### DIRECTIONS FOR THIS TASK
An exact copy of all the entries is needed, with no images in it.

= = =

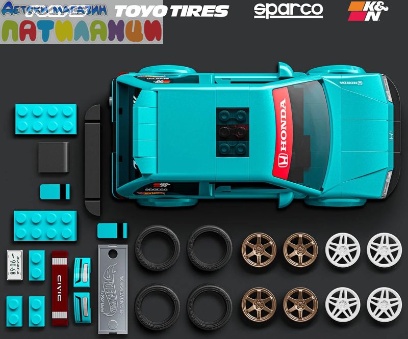 Създай своя собствена мини реплика на Honda Civic с конструктора Brick Shop Hot Wheels JHF62! Този комплект предлага забавно и креативно занимание за всички фенове на сглобяемите модели и спортните коли.
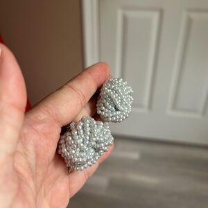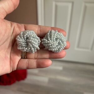 4/$50 pearl 1960 vintage Elegant Silver Beaded clip on Earrings 💙
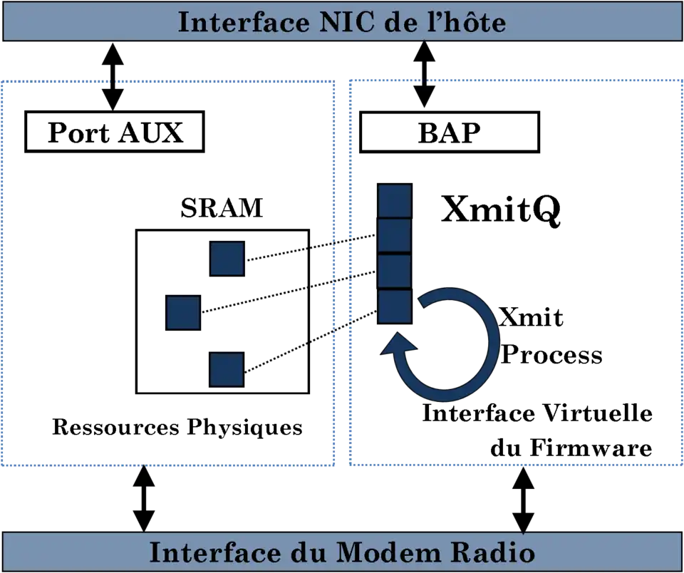 Bien qu'il soit possible de désosser le micrologiciel, de supprimer certaines limitations, ces types d’attaques nécessitent de considérables efforts à mettre en œuvre. Plusieurs mécanismes alternatifs pour contourner les limitations imposées par l'interface du micrologiciel sont connus. Pour comprendre notre approche, il est d'abord nécessaire de comprendre son architecture. L’exemple ci-dessous nous présente un micrologiciel 802.11[6].
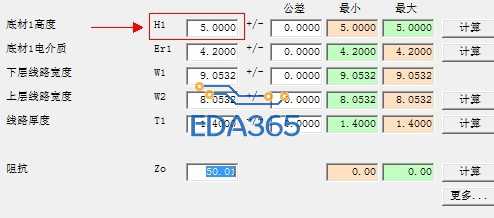 四层板,四层走线,top层天线阻抗匹配50ohm,用si8000计算的时候,底材高度要如何确定呢
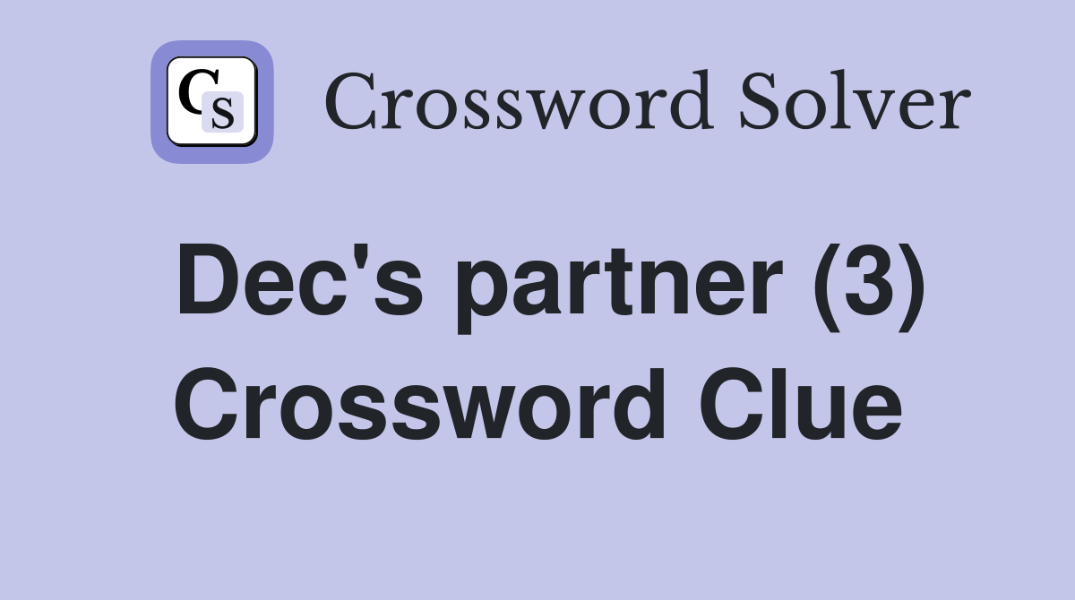 Dec s partner (3) Crossword Clue Answers Crossword Solver
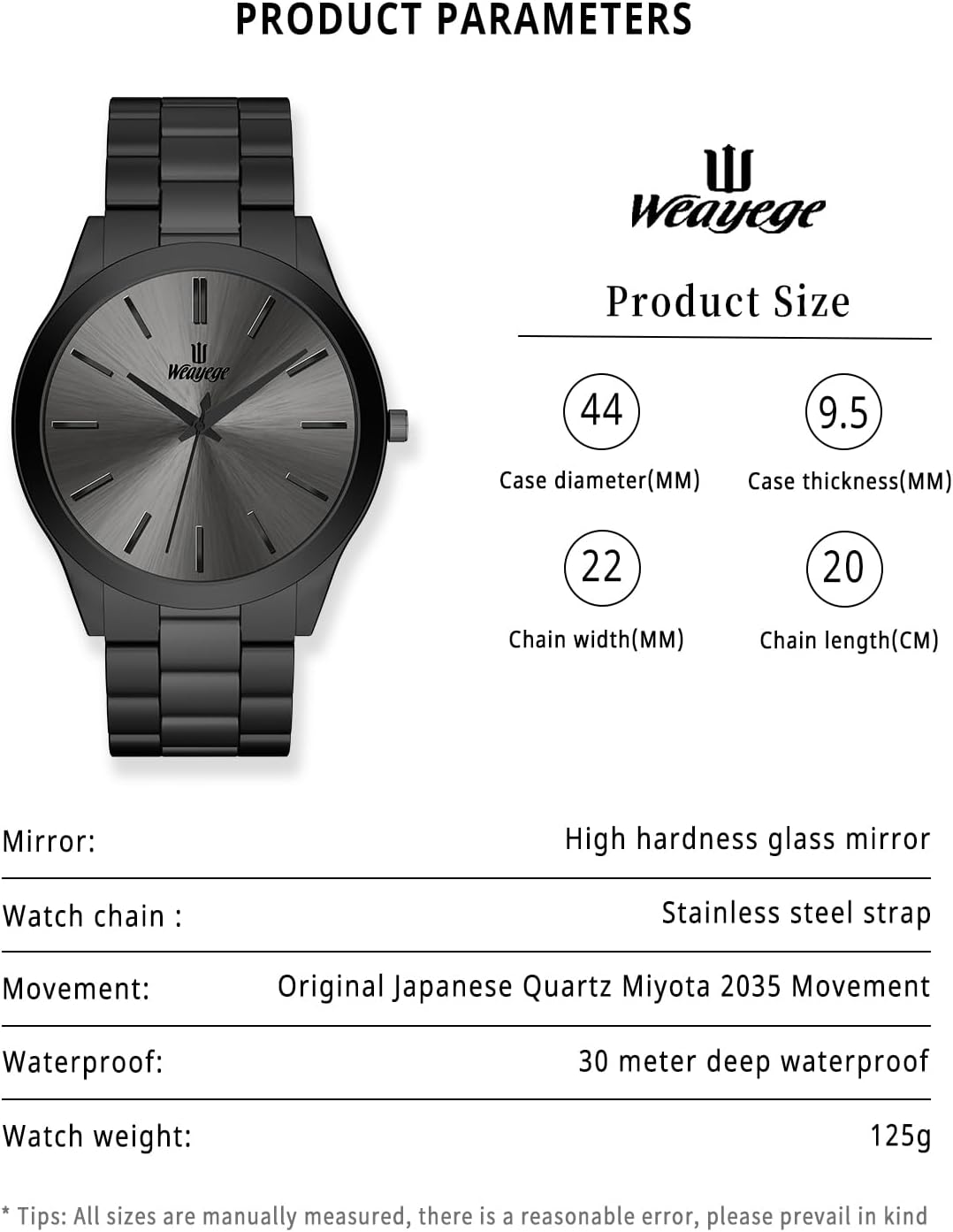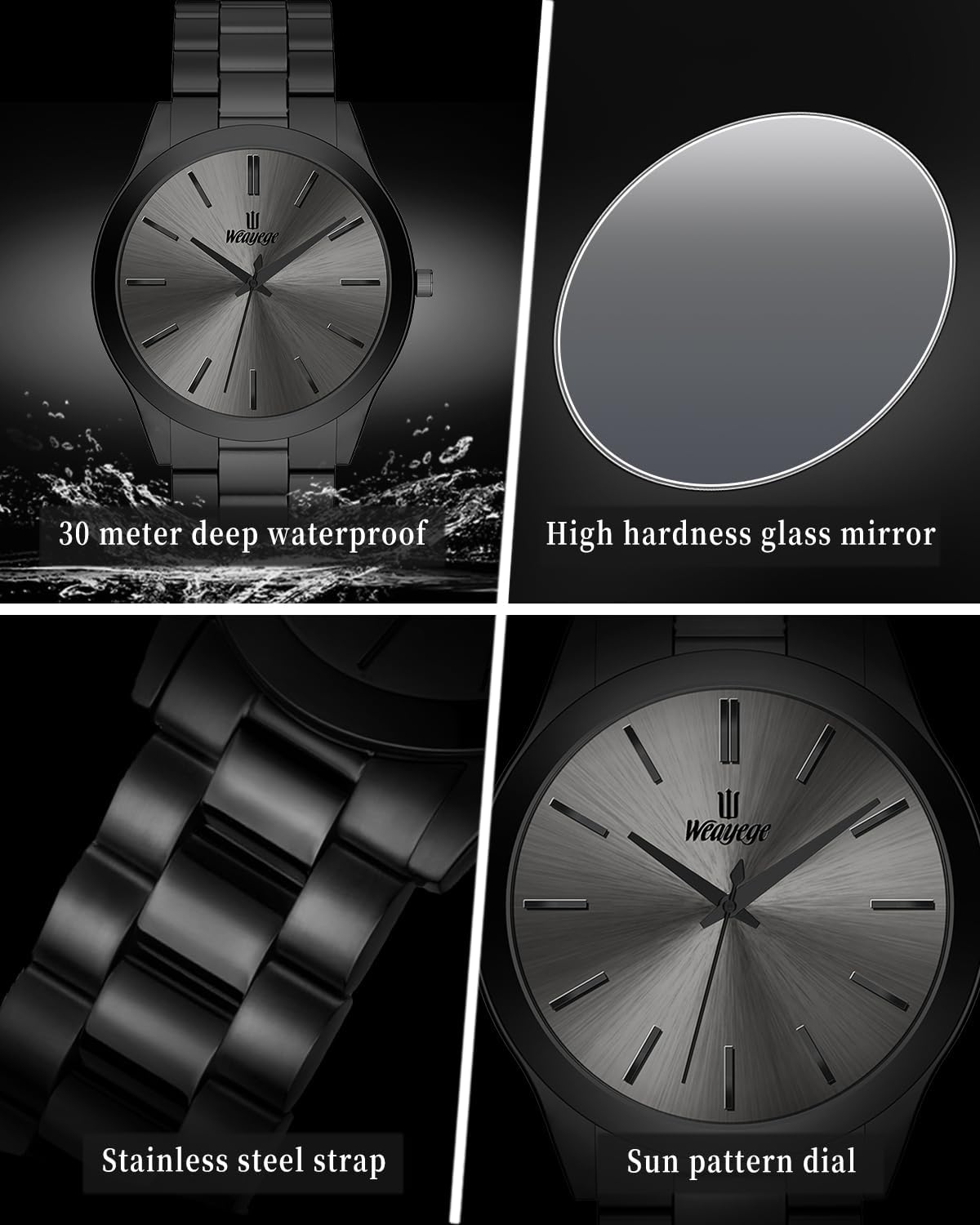 While the watch is waterproof, it is not intended for use during swimming, showering, or any activity involving full submersion in water. To preserve its finish and functionality, avoid exposure to harsh chemicals, extreme temperatures, or abrasive surfaces. The product includes a manufacturer warranty; customers should refer to the provided link or contact the seller directly for specific warranty terms and conditions. As this item was first made available in December 2024, it represents a recent addition to the Weayege product line, reflecting current design trends and manufacturing standards.

= = =

### ANSWER TO THIS TASK
 Създай своя собствена мини реплика на Honda Civic с конструктора Brick Shop Hot Wheels JHF62! Този комплект предлага забавно и креативно занимание за всички фенове на сглобяемите модели и спортните коли.
 4/$50 pearl 1960 vintage Elegant Silver Beaded clip on Earrings 💙
 Bien qu'il soit possible de désosser le micrologiciel, de supprimer certaines limitations, ces types d’attaques nécessitent de considérables efforts à mettre en œuvre. Plusieurs mécanismes alternatifs pour contourner les limitations imposées par l'interface du micrologiciel sont connus. Pour comprendre notre approche, il est d'abord nécessaire de comprendre son architecture. L’exemple ci-dessous nous présente un micrologiciel 802.11[6].
 四层板,四层走线,top层天线阻抗匹配50ohm,用si8000计算的时候,底材高度要如何确定呢
 Dec s partner (3) Crossword Clue Answers Crossword Solver
 While the watch is waterproof, it is not intended for use during swimming, showering, or any activity involving full submersion in water. To preserve its finish and functionality, avoid exposure to harsh chemicals, extreme temperatures, or abrasive surfaces. The product includes a manufacturer warranty; customers should refer to the provided link or contact the seller directly for specific warranty terms and conditions. As this item was first made available in December 2024, it represents a recent addition to the Weayege product line, reflecting current design trends and manufacturing standards.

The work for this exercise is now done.